Future Retail Chairman Kishore Biyani Resigns, “We Must Accept Reality”

Kishore Biyani has stepped down from the board of suspended Future Retail and resigned as chairman and director of the company, which is now facing bankruptcy proceedings prior to NCLT.

Kishore Biyani, who has been with Future Retail Ltd (FRL) since it was founded in 2007, said in an emotional farewell that it was facing a Corporate Insolvency Resolution Process (CIRP) “as a result of unfortunate business circumstances.”


In a resignation letter to the company’s grooming specialist, Kishore Biyani said, “The company has always been a passion of mine and I’ve been committed to growing it, but I have to accept reality and move forward.”

A copy of the letter shared with the Stock Exchange follows. The takeover of all information and data that was available with the former management or is retrievable from former employees or third parties and shared with you all insights into the business and operations and the various obstacles faced by the former management.”


FRL said in regulatory filings that Kishore Biyani had submitted a letter of resignation from the position of “Executive Chairman and Director” of the company, adding that his resignation “must be submitted to the Creditors’ Committee pursuant to the Bankruptcy and Bankruptcy Act, 2016”.

The resolution specialist at Future Retail Ltd (FRL) was notified via email on 24 January 2023.

Kishore Biyani, also known as India’s Retail King, is known among the public as a pioneer of India’s modern retail, which took the modern brick and mortar format.

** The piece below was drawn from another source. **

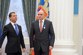 Президент России Дмитрий Медведев (слева) и генеральный директор ОАО "Магнитогорский металлургический комбинат" Борис Дубровский (справа) во время церемонии вручения государственных наград президентом России. Церемония прошла в Екатерининском зале Кремля.

FRL operated a variety of retail formats in both the hypermarket supermarket and home sectors with brands such as Big Bazaar, Easyday and Foodhall. At its peak, FRL operated more than 1,500 stores in nearly 430 cities.

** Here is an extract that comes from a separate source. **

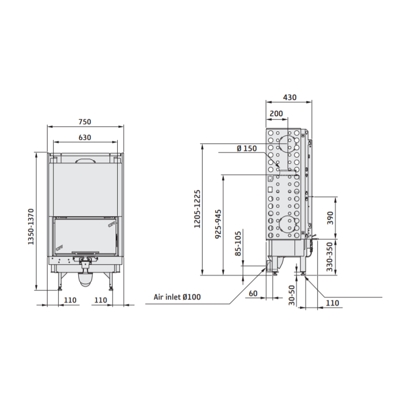 | Židinio aukštis (bendras), mm | 1650 |

Kishore Biyani (61) has also committed to working with lenders.

“It goes without saying that despite my resignation, I can get all the possible help I can with my limited resources and ability to address any issues with the company,” he said.

FRL was dragged into bankruptcy proceedings by its lender, the Bank of India, due to default on loans.

The National Company Law Tribunal’s Mumbai Bench has directed a bankruptcy against FRL to be initiated in July 2022.

It was part of a group of 19 Future group companies operating in the retail, wholesale, logistics and warehousing sectors that were set to be transferred to Reliance Retail as part of an INR 2.4713 billion deal announced in August 2020.

However, lenders rejected Reliance’s acquisition of 19 Future group companies, including FRL, due to Amazon’s legal troubles.

A whopping 13 companies were shortlisted for the acquisition of FRL, including Reliance Retail, Adani Group’s JV April Moon Retail and 11 others.

In August of last year, stock market regulator Sevi ordered a forensic audit of FRL accounts for the fiscal years 2019-20, 2020-21 and 2021-22.

The Securities and Exchange Commission of India (Sebi) has also requested an audit of FRL’s insider trading (RPT) with three other Future group companies: Future Enterprises Ltd, Future Consumer Ltd and Future Supply Chain Solutions Ltd.

An RPT is a transaction or arrangement between two parties who have a pre-existing business relationship or common interest.